Why am I a gardener? What were the influences that made me fall in love with all things green. Well there are and were many influences of course, but the two voices that stand out most for me belong to my childhood.
“So where do you think you’re going to missy?” It was my Mom’s voice I heard while on her knees, weeding in the front garden. There I was, in the hot near midday Zambian sun about to run away from home with my red gingham Dick Whittington pack on a stick, and a jersey just in case. “I am running away” I said with five year-old tearful gravitas. “Well, don’t forget your hat,” she said as she went back to the weeds. And that was all. Not a ‘don’t go.’ Not a ‘why my darling?’ Not even a ‘Don’t be a silly goose.’ Just a ‘don’t forget your hat.’
Briefly, I was in high dudgeon because of something I don’t remember now, but going to discuss it with the Queen of England to tell her about it, like Dick Whittington, appealed to me except I hadn’t reckoned on the common sense of my Mom to change my mind. So, to say I was sorry for making a fuss, she suggested that I came to help her weed ... wearing my hat of course.
"What's a weed?" I asked and she answered with another momism - "It's an important part of gardening, if you are going to be a gardener, then you can't be a lady gardener, you must work the soil and in turn it will reward you with untold treasures." Well my imagination got going then, and so together with my Mom, on my knees weeding, I learned not to be a lady gardener and I did indeed learn to work the soil. How right she was – the payback has been a life journey of love for things green and colourful, unfolding blossom by flower by plant in profusion.
The second voice of influence came a few years later, unexpectedly and easily.
“...now come along darlins, I know you’re going to do just fine. You have your sunshine, you have your own pots, you have the soil you ordered and you have really great neighbours. So now edibles, please show me what you can do”
It was school hols and I had been lazing about in the garden, reading the latest Nancy Drew, mystery. On my way to the kitchen to get something to drink, via our vegetable garden, I heard our ancient gardener Jimmy talking to someone, but when I got closer, there was no-one there. He grinned and told me he had been chatting to his newly planted seedlings – carrots, tomatoes, squash and beans. I laughed and cheekily said he was a nutty person and that he should find a girlfriend to talk to instead.
Well, that comment surprised the nearby scarecrow I think because it suddenly fell over. Jimmy moved fast to pick it up and ‘replant’ it saying “Sorry old chap, really have to see about getting you a new support stick.” Talking to a scarecrow? To carrot seeds? Shame I thought.
But if my Mom started it, Jimmy ended it as far as these early influences went. Jimmy the Gardener and his relationship with the plants in our (or should I say his) garden taught me about gardening from scratch; and he taught me more than the mere techniques and rules and what-to-dos of gardening. He taught me the art of gardening, and he taught me about gardening as a way of seeing, feeling, thinking and living.
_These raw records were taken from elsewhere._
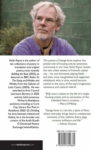 The poems of Irish poet Keith Payne's Savage Acres explore the pivotal role of housing and, by extension, community in our lives. Keith Payne revisits the new urban estates of Ireland's capital city - his own formative playing fields - and their once marginalised and neglected inhabitants who, in time, would become central to the story of the city's imaginative resistance and cultural rebirth. Keith Payne is the author of ten collections of poetry in translation and original poetry, most recently Building the Boat (2023), as featured on BBC Radio 3's The Essay, and Whales and Whales, from the Galician of Luisa Castro (2024). He was awarded an Arts Council Literature Bursary in 2022 and has held numerous Writer-in-Residence positions, including as Cork City Library Eco Poet in Residence 2022-23. Dividing his time between Ireland and Galicia, he is the founder and curator of the Aodh Ruadh Ó Domhnaill Poetry Exchange Ireland/Galicia. "[A]t once a salute to the life of a single housing estate, and an excavation of the individual lives it contains..."-Mary O'Malley "Savage Acres is a terrain, a place of flow, where everyday things lead to unexpected moments of the sublime. Every page contains brilliance and life.' -Adrian Duncan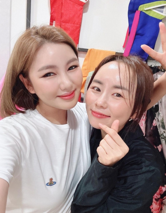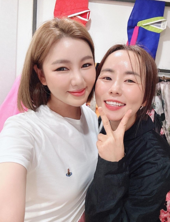 공개된 사진 속 송가인은 민은경과 사이좋게 얼굴을 맞대고 카메라를 응시하고 있다. 특히 백옥 같이 하얀 피부와 환한 미소, 상큼한 눈웃음으로 팬들의 마음을 설레게 했다.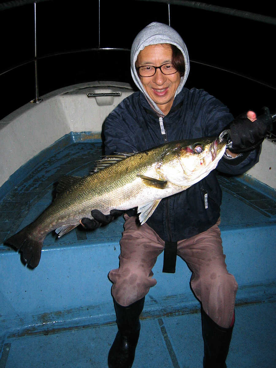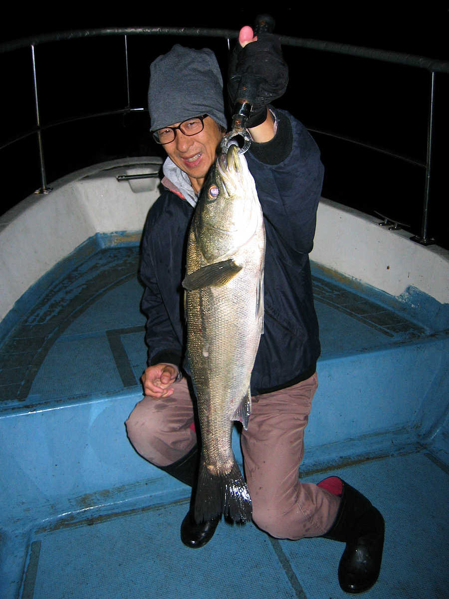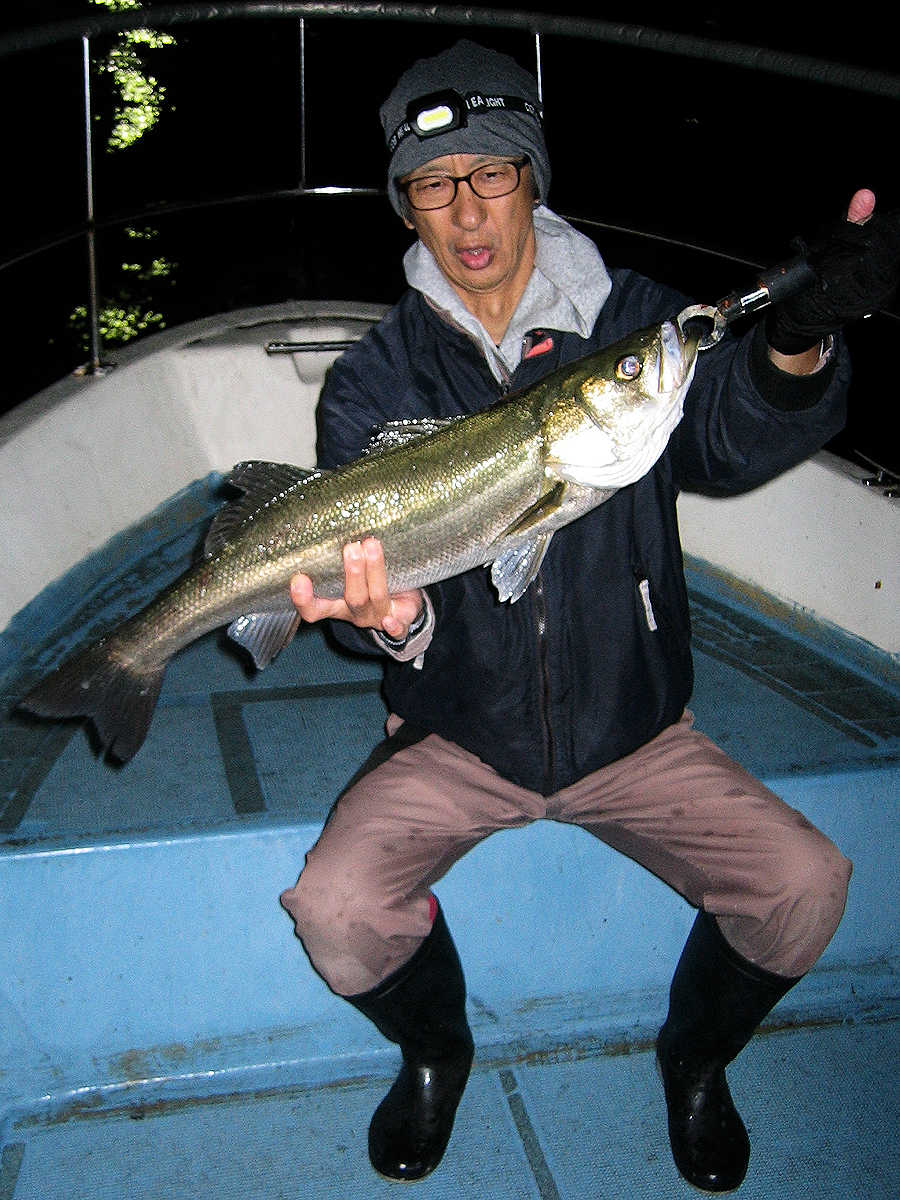 ■シーバス・ナイト×11匹 ■サワラ×ボーズ! □サゴシ級×1匹 □タチウオ×2匹 ■この日の題名:チャーシューさんの写真なし この日、最初の魚はお二人共に56㎝前後のサイズを連続でキャッチ! 「あれれ? サイズが小さくなっちゃった!」と心配するも、「昨日の状況であれば60㎝アップが簡単に釣れるだろう」との気持ちで釣りを続ける。 とりあえず心配なので、一枚目の写真を、とんこつさんがキャッチした61㎝位のサイズでパチリ! 相棒のチャーシューさんの2匹目は58㎝位のサイズだったので写真はオアズケ! そうこうしていたら、写真を撮影したいチャーシューさんが、バラシと乗りそこないのコンばかりとなり、魚をキャッチできなくなってしまいました。 心配なので、とんこつさんの写真をパチパチ撮り、途中チャーシューさんが黒鯛をキャッチしたが写真撮影を我慢する。 私のジンクスで、外道の写真を撮影すると、その後ツキがなくなり縁起が悪くなるから。 で、夜明けが近づき焦るが、チャーシューさんはシーバスを追加できないまま終了となりました。 で、明るくなりサワラ狙いに変更。 釣り初めはシーン状態でしたが、チョロリ移動したらサワラとサゴシのハネとジャンプが出るポイントを発見! 粘るがアタリなく、私がサゴシ級を1匹、とんこつさんがタチウオを1匹、チャーシューさんがタチウオを1匹キャッチしたまま、アタリが無くなり終了となりました。 結果、最後までチャーシューさんの写真がないままでした。 サワラが釣れるポイントにお連れできず申し訳ございませんでした。 ■シーバス・ナイト×11匹 □サイズ:56cm前後×5匹/58cm前後×1匹/61cm前後×2匹/65cm前後×3匹 ■サワラ×ボーズ! □タチウオ×2匹 |

He was strict about writing it all down too. “You are only half a gardener unless you know what you did last year so WRITE IT DOWN.”
Oh the mystery of a seed becoming a something else – even more magical to me than the making of a butterfly. I fell in love with trees and my thinking soared from acorns to oaks; the unfurling of my first rose bloom; the cascading beauty of fountains of golden shower creeper; the artistry of bonsai, the creativity of containers, the life force of the garden that lifted my spirits daily, even when the compost is not yet ready.
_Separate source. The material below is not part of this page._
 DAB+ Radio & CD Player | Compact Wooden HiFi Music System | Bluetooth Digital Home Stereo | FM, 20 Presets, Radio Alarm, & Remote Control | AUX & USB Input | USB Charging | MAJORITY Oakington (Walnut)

Jimmy said it and it turned out just that way. Gardening and plants in all forms shapes sizes colours and persuasions will teach you lessons that will last forever. He was a hard taskmaster and gobbled up my school holidays and exeunt weekends as if I had nothing else to do. I grumbled, I cried, I laughed but in the end I succumbed to his teaching and mentorship.
“Ask a Eucalyptus tree about fire and survival, or a cactus about conserving water, or an orchid about its pollination tricks” he would say ... “ Ask a weed about perseverance or a Rose about thorns and beauty, speak to Mint about greedy roots or a bulb about hibernation” he would offer. How right he was too when he taught me to embrace the change of seasons and the life they breathed into my world and the garden.
Life is a casserole of garden influences – there have been so many more in my life, but my Mom and Master Gardener Jimmy started it all ... and here I am today in my beloved garden, satisfaction personified, with my gardening journal clutched in my hand, talking to my plants and of course, wearing my hat!